New York is an atypical race on the world road-racing circuit. It is one of the few marathons, and the only one in the World Marathon Majors Series (bar the championships, of course) which doesn’t lavish the elite-runners with the luxury of pacemakers and combined with the undulating gradient of the course, the New York Marathon tends to play to the advantage of the tactically astute runner.

The pre-race favourite in the women’s division in 2011 Mary Keitany could have done with a dollop of the racing know-how of an athlete like Edna Kiplagat or Catherine Ndereba as she admitted afterwards she ‘was not thinking’ after her outrageous start almost certainly cost her the victory.

Having won the London Marathon in the spring in a sub-2:20 time, Keitany was slated as many people’s pre-race favourites. In their pre-race preview, letsrun.com stated ‘the women’s race is Keitany’s to lose’ and while over-confidence might not be readily associated with the timidly-spoken Kenyan, maybe she was guilty of this?
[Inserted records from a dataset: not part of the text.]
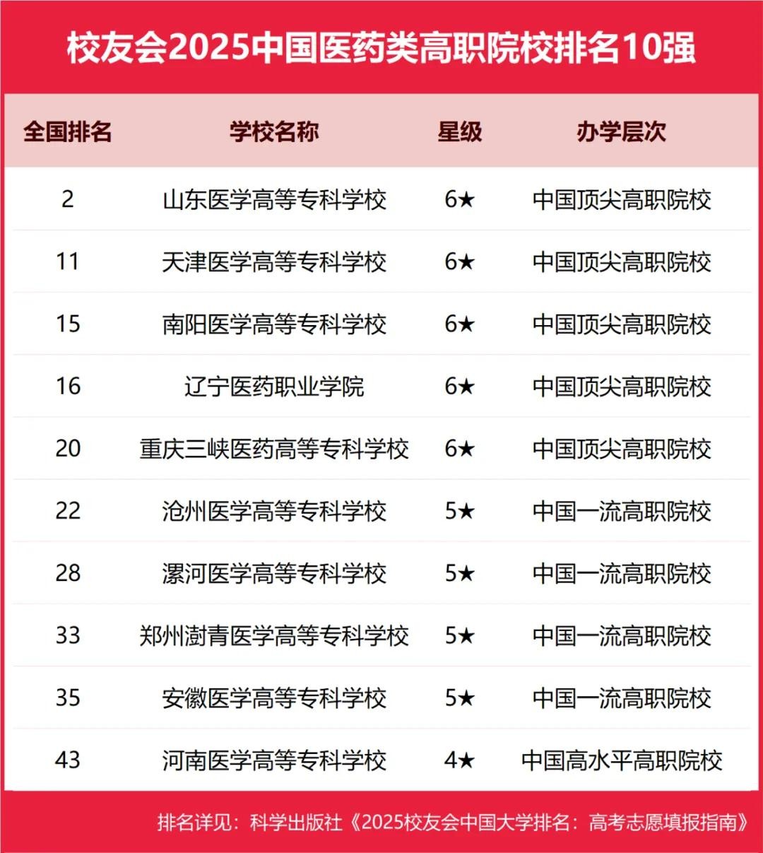 山东医学高等专科学校、天津医学高等专科学校、南阳医学高等专科学校、辽宁医药职业学院、重庆三峡医药高等专科学校位列2025中国医药类高职院校排名5强。
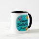 Celebrate in style with this fun turquoise mug featuring “Happy 21st Birthday,” a superscript age, comic-style accents, and a cute muffin. Add any age and name for a personalized birthday gift that stands out and makes the celebration extra special.
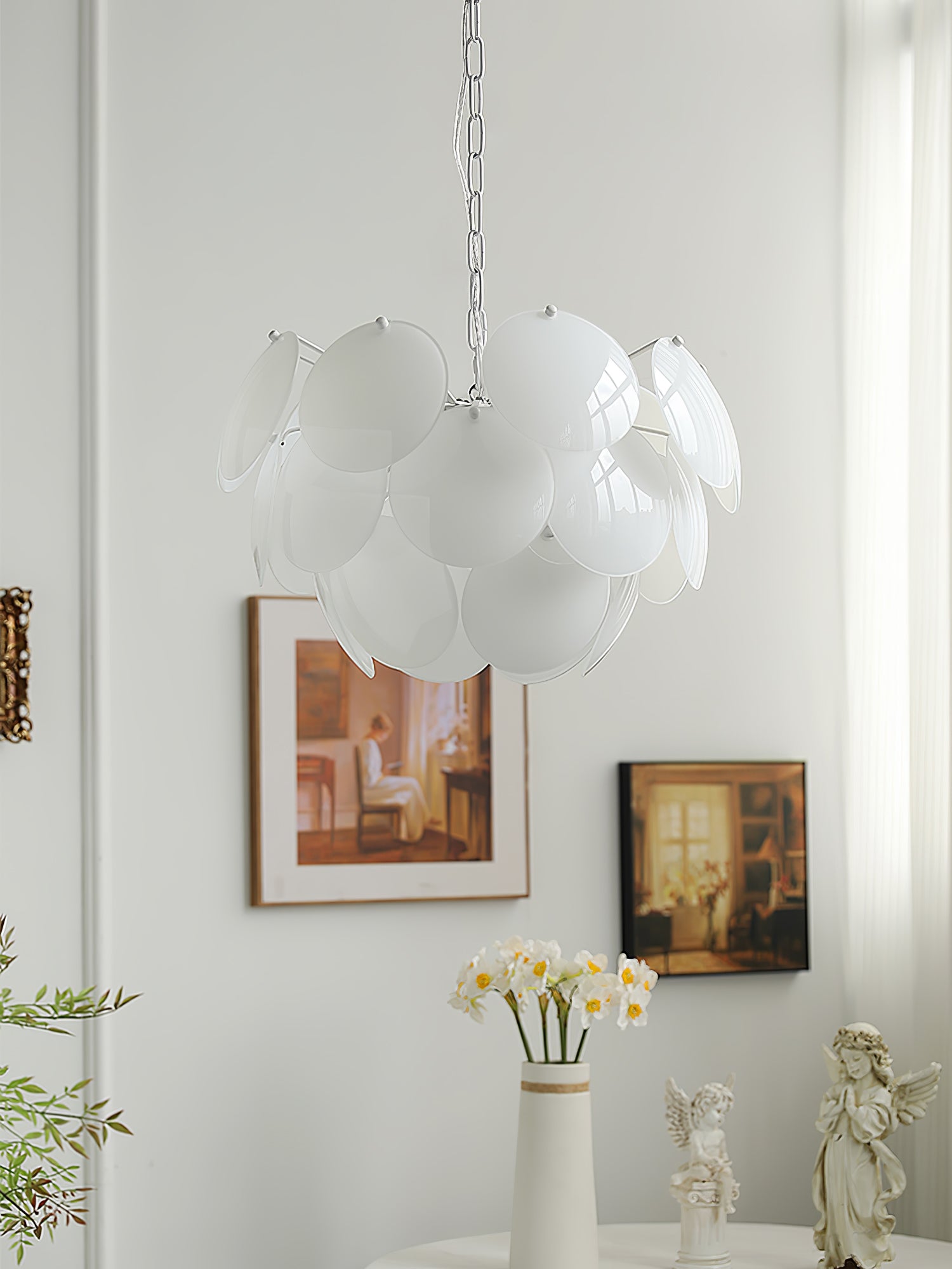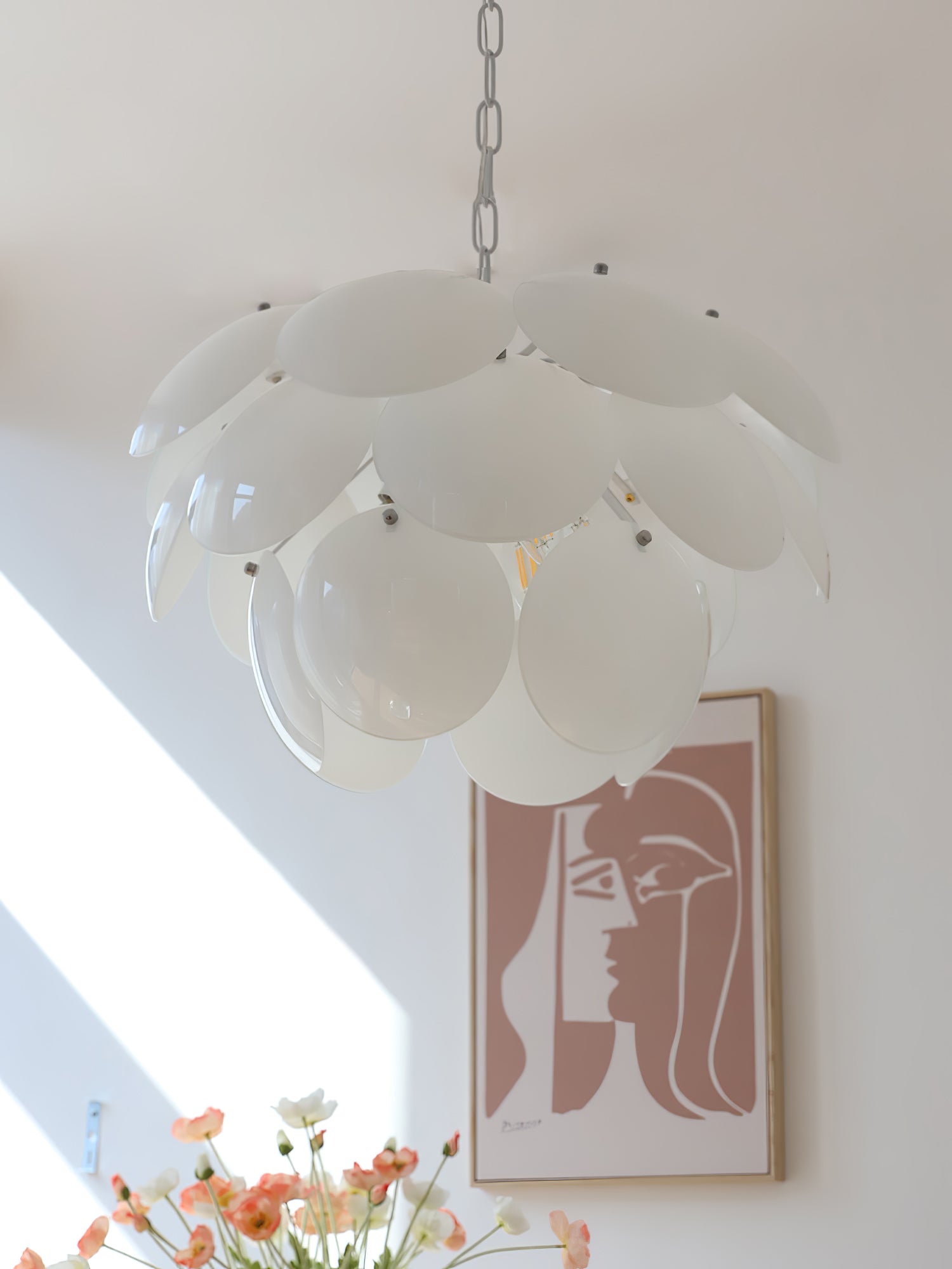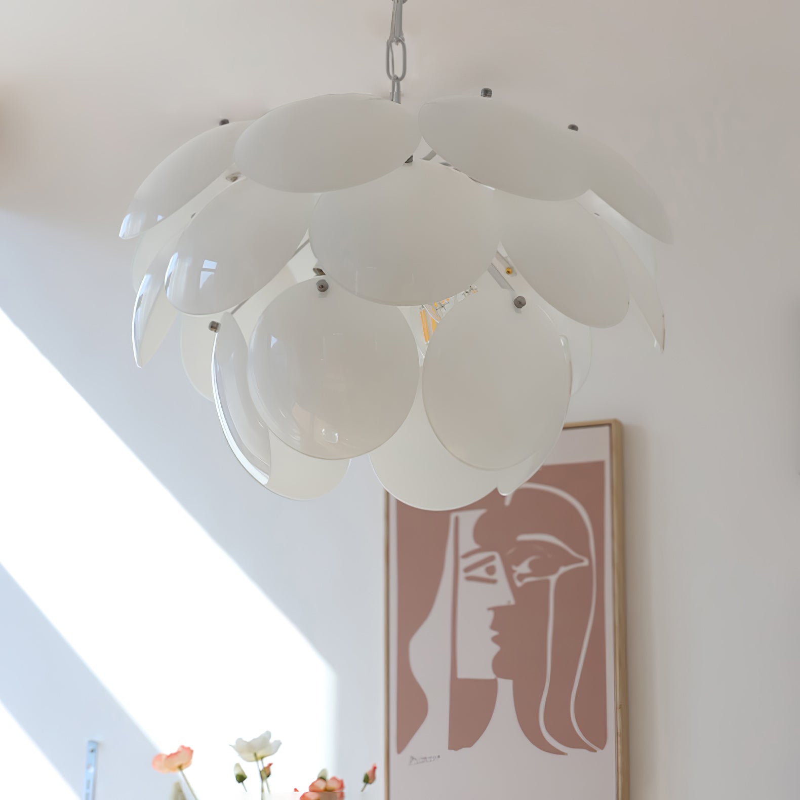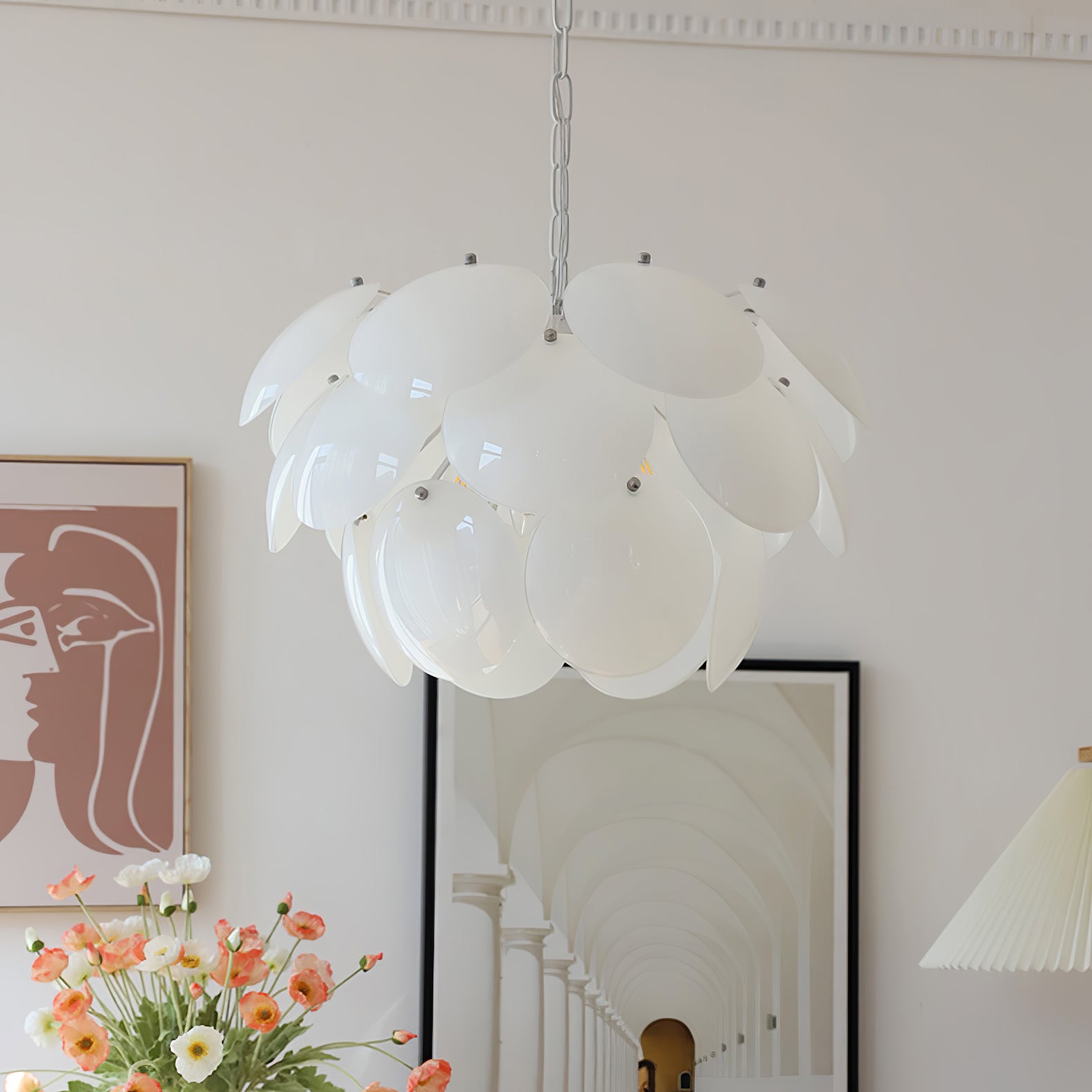Enemmän kuin pelkkä valaisin, "Luminous Petal Glass Chandelier" toimii myös taideteoksena, joka korostaa mitä tahansa sisustusta. Se sopii täydellisesti olohuoneeseen, ruokailutilaan tai mihin tahansa tilaan, joka kaipaa eleganssia. Tämä kattokruunu ei ole vain valonlähde, vaan keskipiste, joka herättää keskustelua ja ihailua.

She was unrelenting in the first-half, passing through 10km in 31:53, 20km in 1:04:21 and halfway in 1:07:56.

New York isn’t a compatible course for a time-trail, as Keitany was soon to find out, but these splits would be ambitious on any course as she was six-seconds inside Paula Radcliffe’s revered world record-pace at the halfway point.

The second group, comprised of team-mates Firehiwot Dado and Buzunesh Deba from Ethiopia, didn’t make immediate inroads into Keitany’s lead as their pre-race plan surely didn’t consist of passing through halfway in course-record pace at 1:10:13. Both were running a long way inside their respective PBs on an uncompromising course and inevitably, they also began to slow.

Further up the road though, Keitany was coming to a halt. She didn’t wilt immediately but her 5km split between 30-35km fell the wrong side of 18-minutes and her 1:19 lead rapidly evaporated. It would be wrong to say Dado and Deba were making a deliberate bid to close Keitany down as their pace was also slowing but a 5km split of 18:44 between 35-40km showed Keitany had got her race tactics horribly wrong.

To her credit, Keitany did come back to the leaders after being hauled in but her resistance was soon broken after being dropped the second time. An Ethiopian 1-2 looked a certainty and Dado narrowly prevailed ahead of New York resident Deba, 2:23:15 to 2:23:19, with Keitany third In 2:23:38.

After a contrasting 2012 season where she retained her London Marathon title before finishing out of the medals at the Olympic Games on a slightly different course a few months later, Keitany has been out of action this year through maternity leave. A third London Marathon title appears the immediate goal and the New York Marathon will surely feature in her plans in the not too distant future.